━━━━━ THE DATA
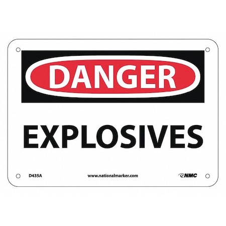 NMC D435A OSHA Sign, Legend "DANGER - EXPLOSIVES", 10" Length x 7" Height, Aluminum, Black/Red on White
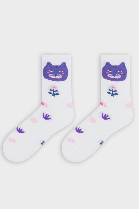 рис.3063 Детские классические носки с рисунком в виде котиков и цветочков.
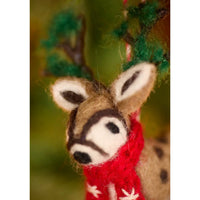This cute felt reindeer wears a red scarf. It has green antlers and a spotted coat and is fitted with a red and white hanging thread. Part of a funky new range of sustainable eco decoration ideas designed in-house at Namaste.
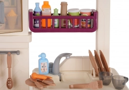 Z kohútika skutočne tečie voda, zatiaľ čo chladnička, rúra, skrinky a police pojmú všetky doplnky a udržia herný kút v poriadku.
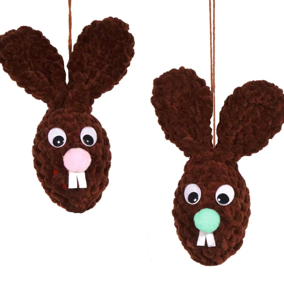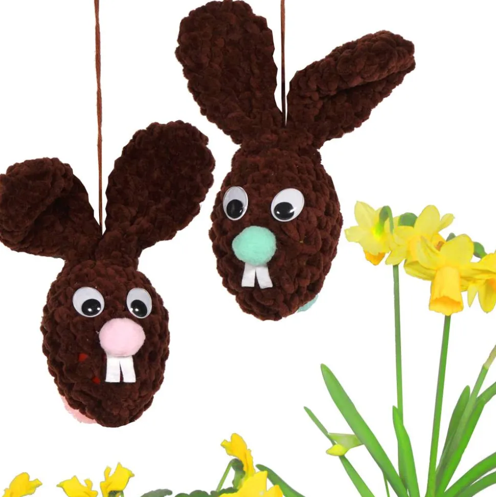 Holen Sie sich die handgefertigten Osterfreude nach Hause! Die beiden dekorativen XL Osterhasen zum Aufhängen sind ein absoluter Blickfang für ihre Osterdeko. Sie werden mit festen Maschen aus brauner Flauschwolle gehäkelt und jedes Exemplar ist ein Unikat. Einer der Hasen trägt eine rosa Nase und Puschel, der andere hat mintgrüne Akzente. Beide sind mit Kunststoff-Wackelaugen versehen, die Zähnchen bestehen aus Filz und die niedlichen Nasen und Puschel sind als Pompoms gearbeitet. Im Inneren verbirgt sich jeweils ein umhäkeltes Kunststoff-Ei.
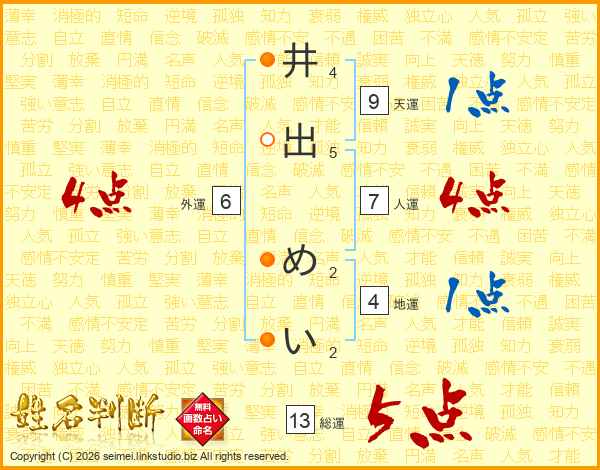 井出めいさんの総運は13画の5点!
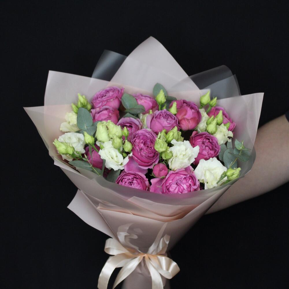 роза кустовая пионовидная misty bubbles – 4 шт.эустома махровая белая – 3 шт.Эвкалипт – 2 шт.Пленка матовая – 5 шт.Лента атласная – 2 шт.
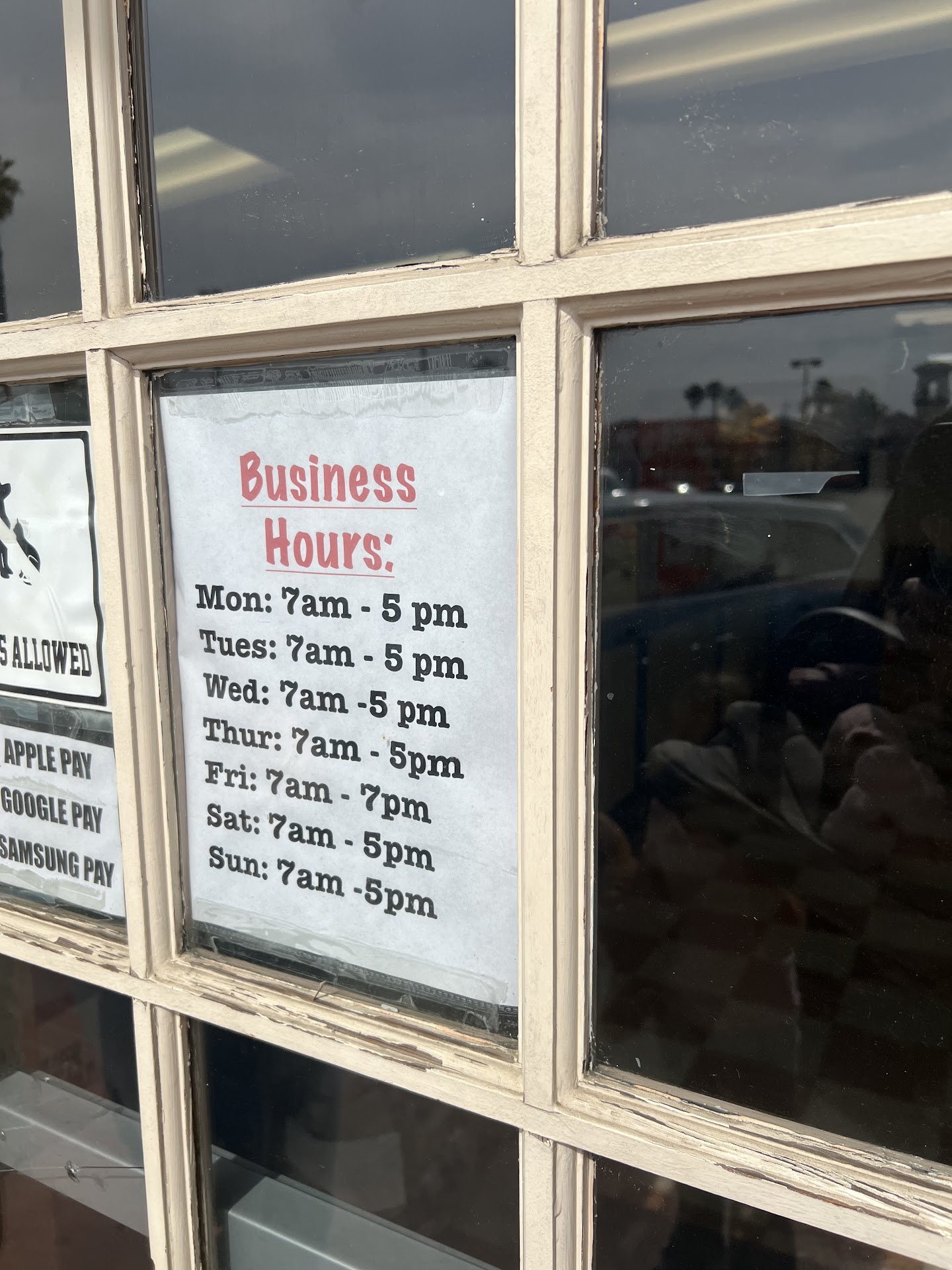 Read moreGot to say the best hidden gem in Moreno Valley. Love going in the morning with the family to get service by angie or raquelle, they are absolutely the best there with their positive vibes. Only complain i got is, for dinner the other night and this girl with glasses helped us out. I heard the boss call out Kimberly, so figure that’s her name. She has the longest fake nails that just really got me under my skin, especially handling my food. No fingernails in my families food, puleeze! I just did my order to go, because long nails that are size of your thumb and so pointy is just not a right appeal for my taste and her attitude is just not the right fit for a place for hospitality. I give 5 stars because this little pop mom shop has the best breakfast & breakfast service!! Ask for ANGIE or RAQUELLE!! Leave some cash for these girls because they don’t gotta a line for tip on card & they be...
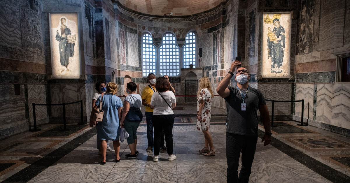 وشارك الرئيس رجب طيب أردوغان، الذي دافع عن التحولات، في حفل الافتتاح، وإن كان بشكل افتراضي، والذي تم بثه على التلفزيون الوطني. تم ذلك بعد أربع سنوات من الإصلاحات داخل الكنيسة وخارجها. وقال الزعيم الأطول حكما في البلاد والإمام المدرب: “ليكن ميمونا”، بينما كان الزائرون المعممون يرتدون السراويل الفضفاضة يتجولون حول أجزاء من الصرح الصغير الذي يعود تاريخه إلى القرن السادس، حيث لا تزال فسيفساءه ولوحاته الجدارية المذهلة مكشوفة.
━━━━━━━━━━
━━━━━ THE DATA
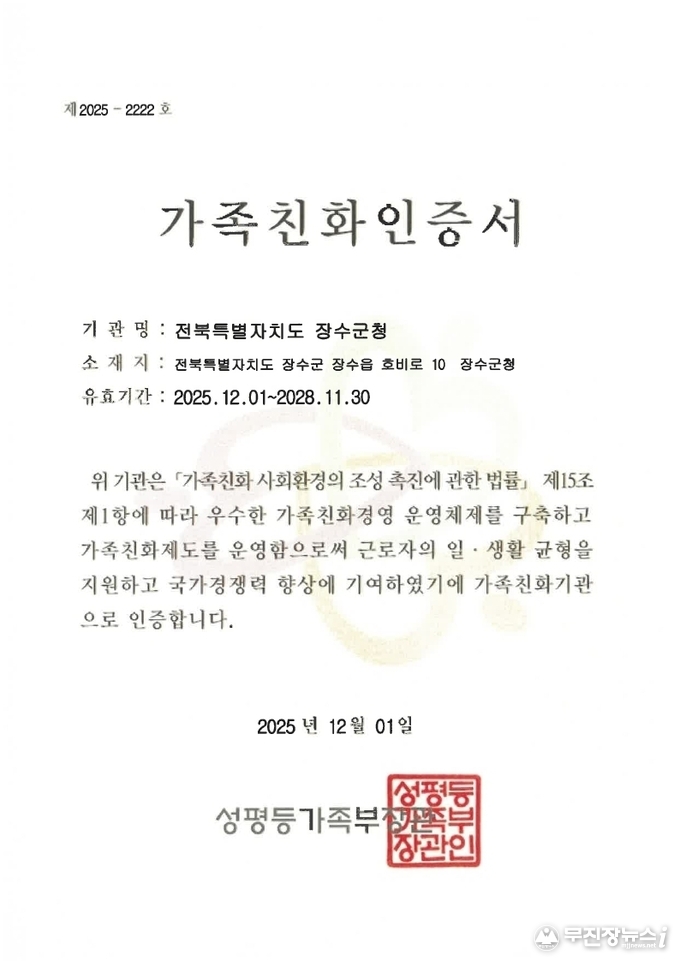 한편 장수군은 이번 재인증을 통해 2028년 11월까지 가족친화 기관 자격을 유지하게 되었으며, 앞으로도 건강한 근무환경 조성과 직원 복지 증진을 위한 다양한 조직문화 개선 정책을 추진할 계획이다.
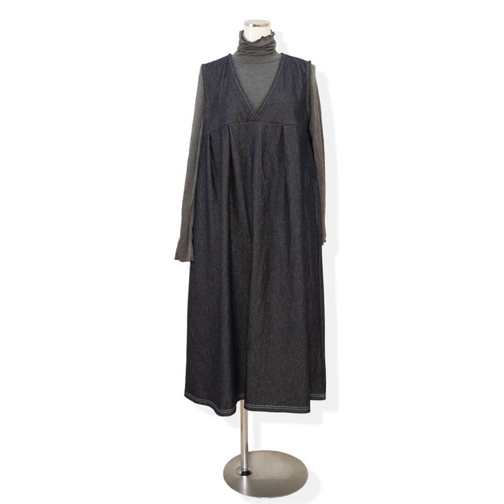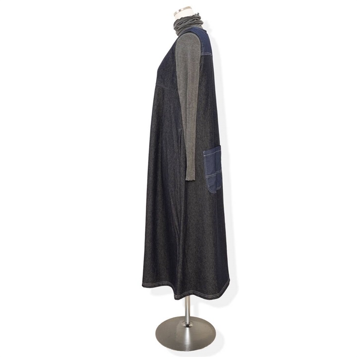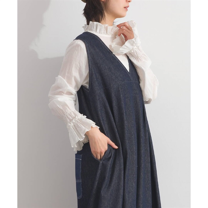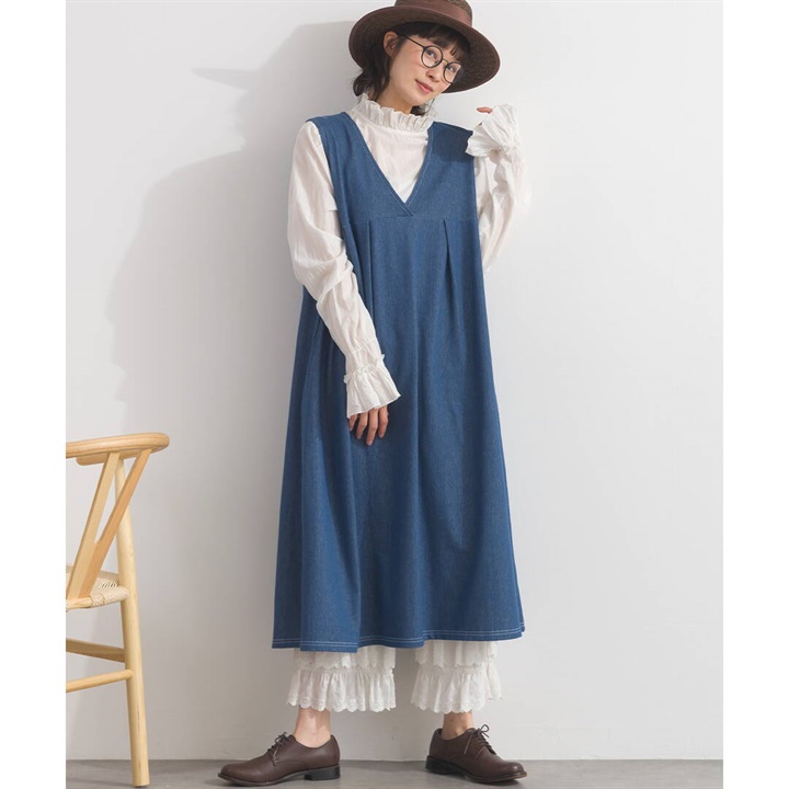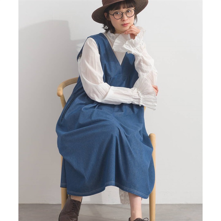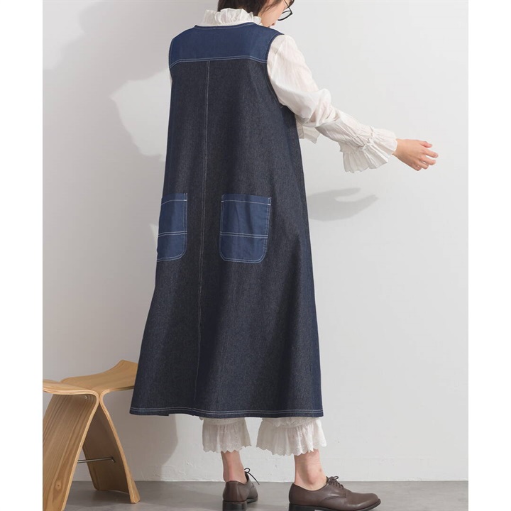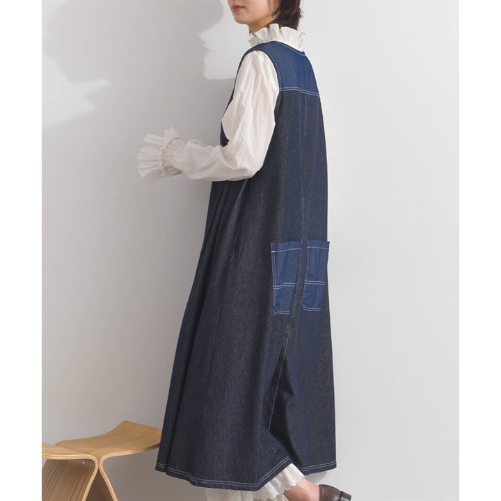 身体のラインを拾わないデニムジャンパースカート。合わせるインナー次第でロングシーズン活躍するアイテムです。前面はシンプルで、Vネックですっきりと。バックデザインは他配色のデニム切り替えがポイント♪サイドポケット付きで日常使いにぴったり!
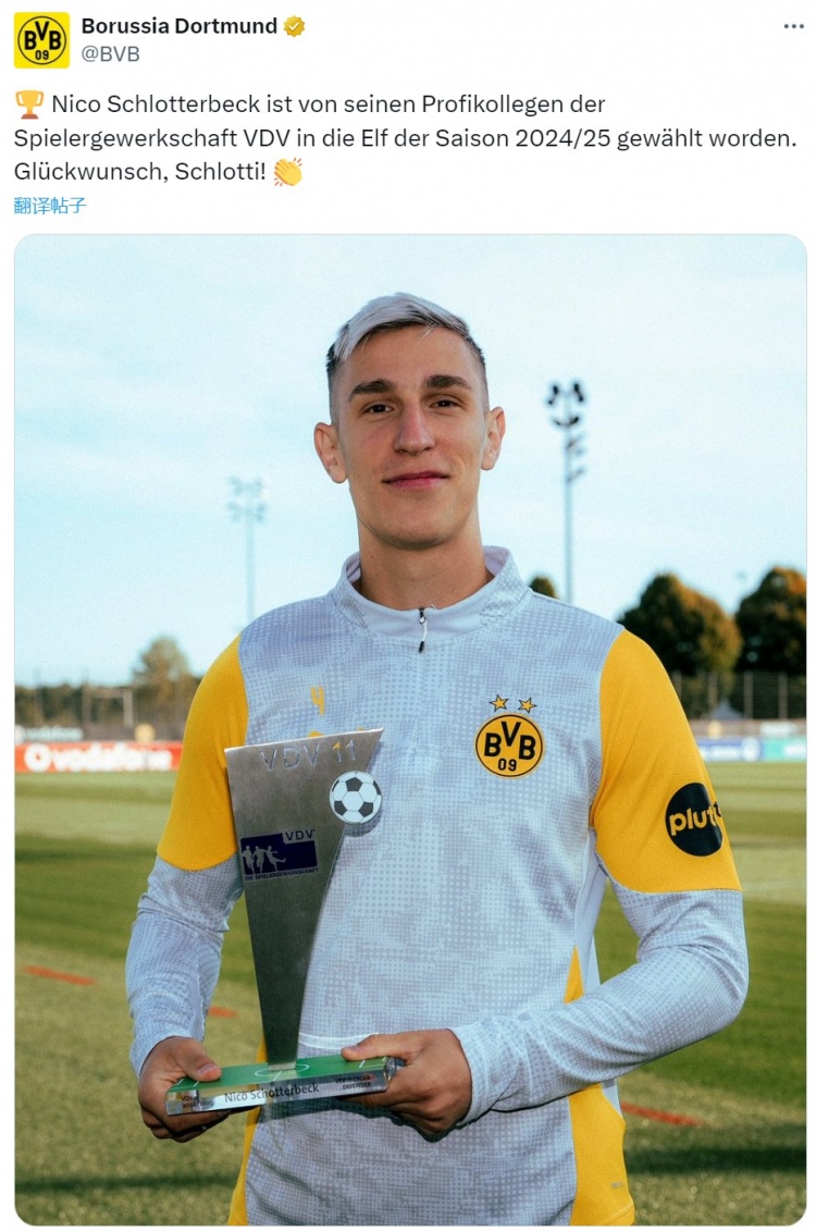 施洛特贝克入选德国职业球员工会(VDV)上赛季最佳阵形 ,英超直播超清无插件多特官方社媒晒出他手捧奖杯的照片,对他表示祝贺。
━━━━━━━━━━
WORK TASK: Give back, exactly and without pictures, the stretch of the records above from the line containing "Z kohútika skutočne" through the line containing "роза кустовая пионовидная", with both end lines included.

PROBLEM SOLUTION:
 Z kohútika skutočne tečie voda, zatiaľ čo chladnička, rúra, skrinky a police pojmú všetky doplnky a udržia herný kút v poriadku.
 Holen Sie sich die handgefertigten Osterfreude nach Hause! Die beiden dekorativen XL Osterhasen zum Aufhängen sind ein absoluter Blickfang für ihre Osterdeko. Sie werden mit festen Maschen aus brauner Flauschwolle gehäkelt und jedes Exemplar ist ein Unikat. Einer der Hasen trägt eine rosa Nase und Puschel, der andere hat mintgrüne Akzente. Beide sind mit Kunststoff-Wackelaugen versehen, die Zähnchen bestehen aus Filz und die niedlichen Nasen und Puschel sind als Pompoms gearbeitet. Im Inneren verbirgt sich jeweils ein umhäkeltes Kunststoff-Ei.
 井出めいさんの総運は13画の5点!
 роза кустовая пионовидная misty bubbles – 4 шт.эустома махровая белая – 3 шт.Эвкалипт – 2 шт.Пленка матовая – 5 шт.Лента атласная – 2 шт.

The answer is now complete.